Problem requirements:
Print the records below exactly, from the line containing "在高澤村委會,法官與鄉村干部" down to the line containing "These cute little", both lines included, and omit every picture.

Given records:
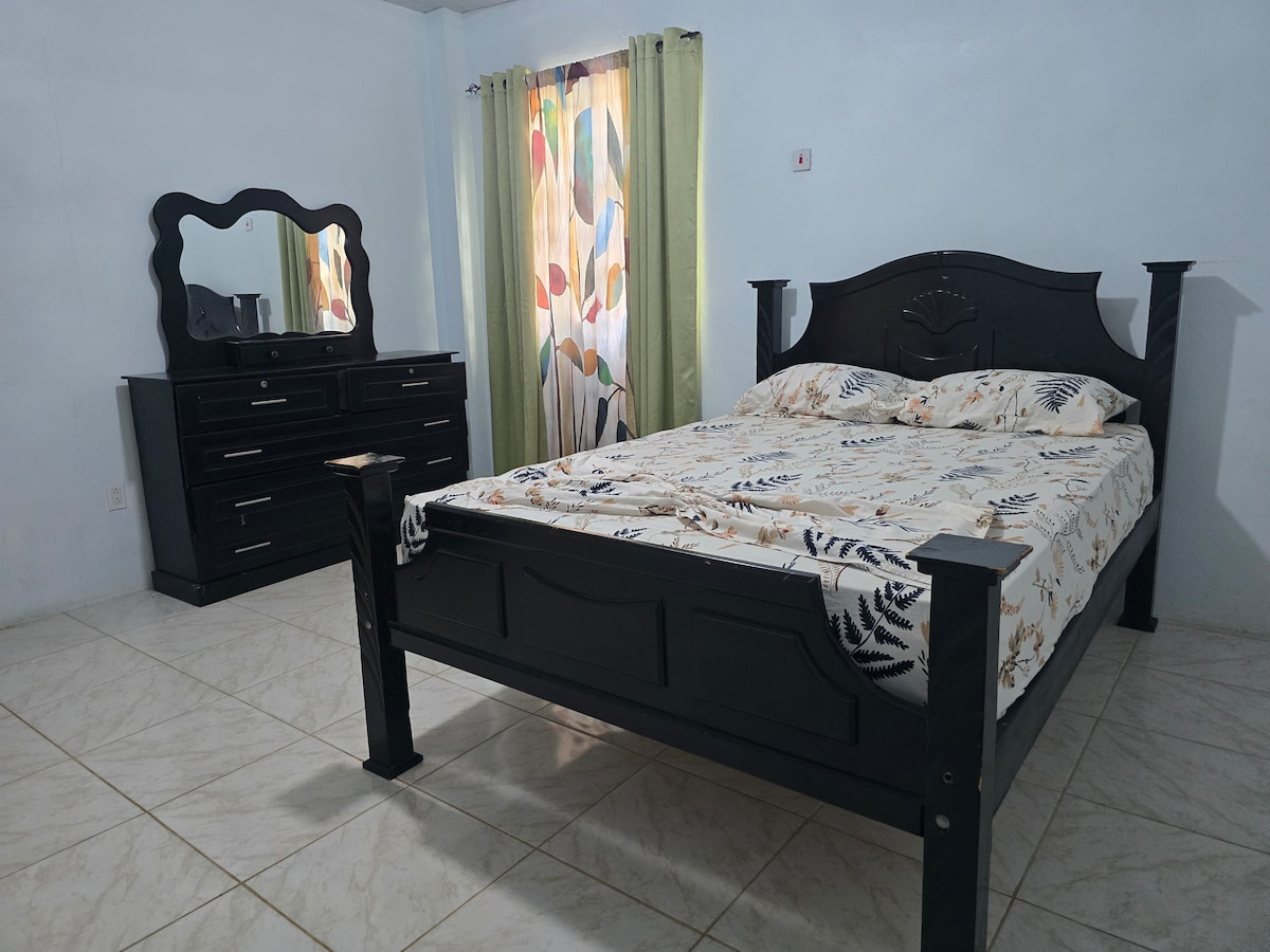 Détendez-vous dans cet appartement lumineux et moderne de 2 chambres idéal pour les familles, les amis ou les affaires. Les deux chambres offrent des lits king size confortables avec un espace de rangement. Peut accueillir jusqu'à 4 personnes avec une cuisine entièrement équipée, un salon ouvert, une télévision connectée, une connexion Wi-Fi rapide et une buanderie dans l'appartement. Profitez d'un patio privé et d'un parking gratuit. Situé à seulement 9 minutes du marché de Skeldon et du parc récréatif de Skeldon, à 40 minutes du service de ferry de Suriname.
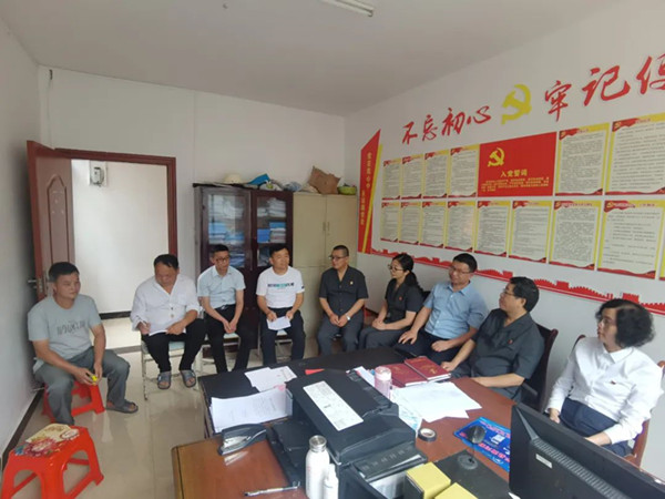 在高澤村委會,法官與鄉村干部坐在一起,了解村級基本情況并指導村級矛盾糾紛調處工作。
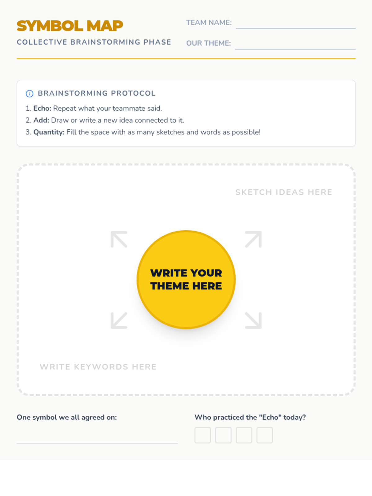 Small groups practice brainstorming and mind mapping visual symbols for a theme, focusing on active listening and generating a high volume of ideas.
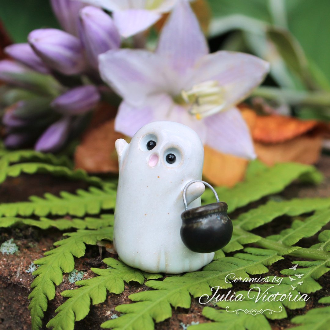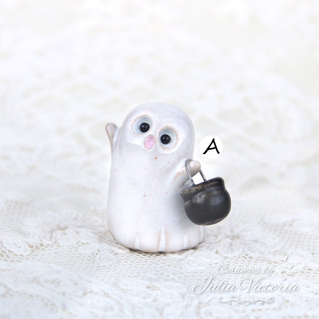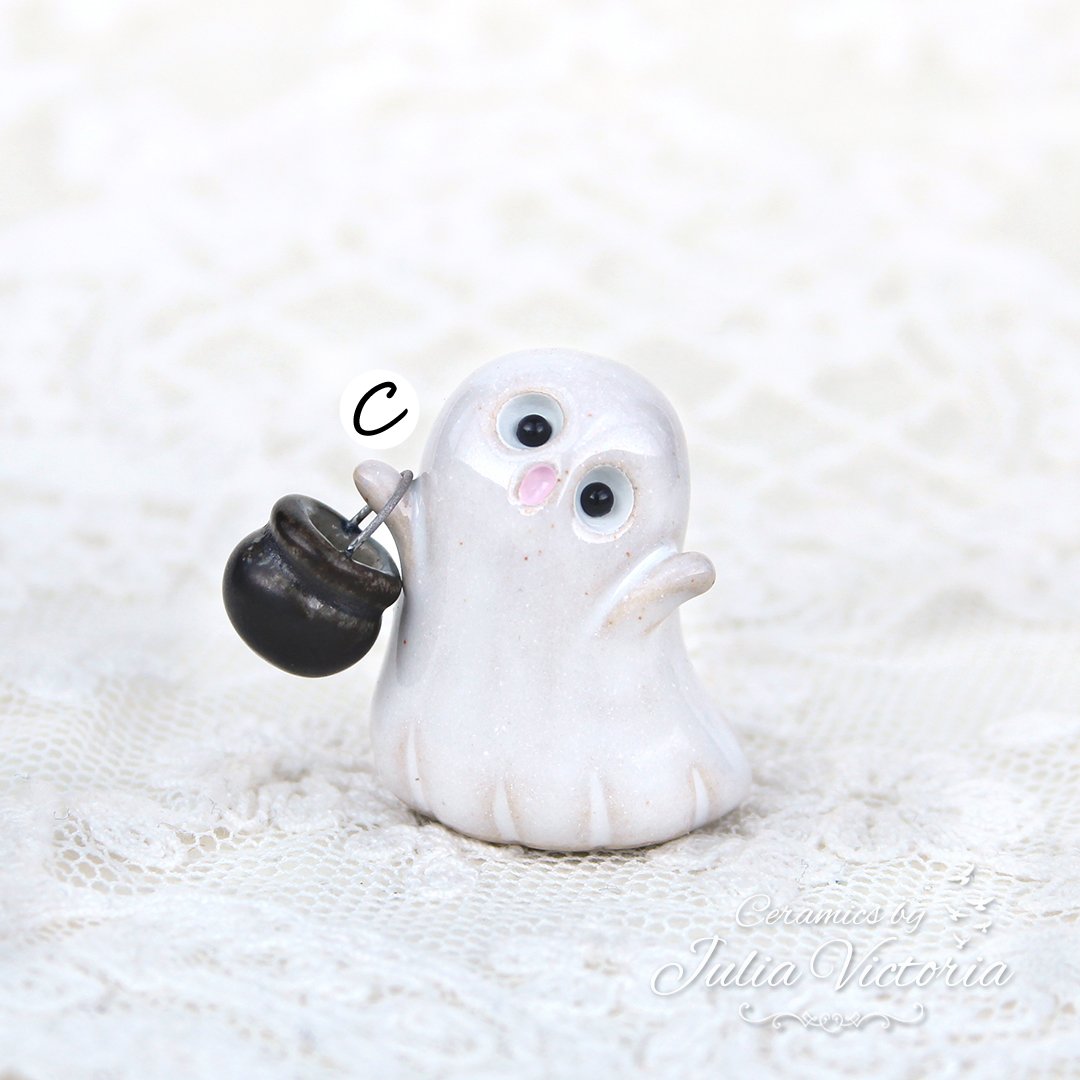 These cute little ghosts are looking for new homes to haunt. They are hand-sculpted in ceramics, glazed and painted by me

--

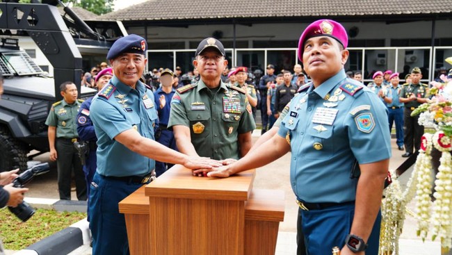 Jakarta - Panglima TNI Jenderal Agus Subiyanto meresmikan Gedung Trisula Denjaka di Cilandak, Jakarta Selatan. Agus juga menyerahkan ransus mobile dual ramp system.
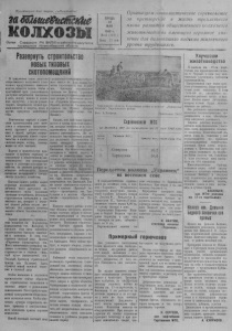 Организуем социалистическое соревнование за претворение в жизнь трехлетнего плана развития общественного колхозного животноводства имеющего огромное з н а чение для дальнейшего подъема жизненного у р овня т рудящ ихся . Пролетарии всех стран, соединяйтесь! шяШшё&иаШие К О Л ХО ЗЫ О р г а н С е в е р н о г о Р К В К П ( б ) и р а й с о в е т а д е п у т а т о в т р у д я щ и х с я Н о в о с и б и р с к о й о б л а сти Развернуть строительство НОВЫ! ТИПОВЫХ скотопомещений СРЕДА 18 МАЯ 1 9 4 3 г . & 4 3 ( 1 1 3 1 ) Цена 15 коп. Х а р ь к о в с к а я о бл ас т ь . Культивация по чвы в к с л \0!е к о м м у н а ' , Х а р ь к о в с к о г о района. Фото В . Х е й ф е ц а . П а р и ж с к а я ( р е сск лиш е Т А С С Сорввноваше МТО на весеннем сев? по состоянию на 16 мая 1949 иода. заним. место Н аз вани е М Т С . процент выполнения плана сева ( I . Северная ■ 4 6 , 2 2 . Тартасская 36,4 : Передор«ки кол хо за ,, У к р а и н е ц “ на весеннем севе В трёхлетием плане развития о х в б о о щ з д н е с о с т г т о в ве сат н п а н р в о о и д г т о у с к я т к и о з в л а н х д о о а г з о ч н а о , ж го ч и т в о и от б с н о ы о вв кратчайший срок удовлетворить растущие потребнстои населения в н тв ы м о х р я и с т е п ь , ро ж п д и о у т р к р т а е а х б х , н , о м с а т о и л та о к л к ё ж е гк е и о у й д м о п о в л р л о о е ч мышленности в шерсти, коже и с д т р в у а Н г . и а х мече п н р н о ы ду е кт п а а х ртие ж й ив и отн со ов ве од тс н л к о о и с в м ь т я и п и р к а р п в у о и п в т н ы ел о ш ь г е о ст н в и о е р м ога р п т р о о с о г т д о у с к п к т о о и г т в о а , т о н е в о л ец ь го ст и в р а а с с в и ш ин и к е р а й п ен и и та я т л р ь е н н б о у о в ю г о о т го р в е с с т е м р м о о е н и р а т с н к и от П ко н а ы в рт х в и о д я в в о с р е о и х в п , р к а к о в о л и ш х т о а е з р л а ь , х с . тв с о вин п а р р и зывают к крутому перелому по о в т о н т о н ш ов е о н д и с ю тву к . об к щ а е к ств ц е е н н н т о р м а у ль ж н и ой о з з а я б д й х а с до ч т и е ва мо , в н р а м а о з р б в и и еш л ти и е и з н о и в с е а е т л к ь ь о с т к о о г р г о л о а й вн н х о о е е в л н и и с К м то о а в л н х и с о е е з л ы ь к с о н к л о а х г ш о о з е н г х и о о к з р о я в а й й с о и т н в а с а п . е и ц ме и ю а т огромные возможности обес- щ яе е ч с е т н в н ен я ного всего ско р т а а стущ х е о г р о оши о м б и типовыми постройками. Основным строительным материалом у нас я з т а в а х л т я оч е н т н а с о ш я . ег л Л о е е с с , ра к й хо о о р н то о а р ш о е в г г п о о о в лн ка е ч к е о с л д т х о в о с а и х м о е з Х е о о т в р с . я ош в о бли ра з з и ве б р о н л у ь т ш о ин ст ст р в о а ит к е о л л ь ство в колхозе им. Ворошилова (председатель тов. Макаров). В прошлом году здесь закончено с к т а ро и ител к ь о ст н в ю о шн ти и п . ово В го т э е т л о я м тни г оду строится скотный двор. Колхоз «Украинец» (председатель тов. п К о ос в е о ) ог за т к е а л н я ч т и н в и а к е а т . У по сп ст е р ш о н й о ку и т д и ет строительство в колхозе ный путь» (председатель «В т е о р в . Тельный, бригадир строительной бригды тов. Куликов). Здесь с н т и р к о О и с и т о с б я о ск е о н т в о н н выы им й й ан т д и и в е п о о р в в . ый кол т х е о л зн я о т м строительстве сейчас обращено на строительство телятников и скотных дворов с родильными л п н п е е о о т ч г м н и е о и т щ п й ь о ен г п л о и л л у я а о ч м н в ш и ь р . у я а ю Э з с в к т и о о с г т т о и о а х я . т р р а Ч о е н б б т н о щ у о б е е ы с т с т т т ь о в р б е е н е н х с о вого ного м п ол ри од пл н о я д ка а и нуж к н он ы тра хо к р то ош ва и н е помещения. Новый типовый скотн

Answer space:
 在高澤村委會,法官與鄉村干部坐在一起,了解村級基本情況并指導村級矛盾糾紛調處工作。
 Small groups practice brainstorming and mind mapping visual symbols for a theme, focusing on active listening and generating a high volume of ideas.
 These cute little ghosts are looking for new homes to haunt. They are hand-sculpted in ceramics, glazed and painted by me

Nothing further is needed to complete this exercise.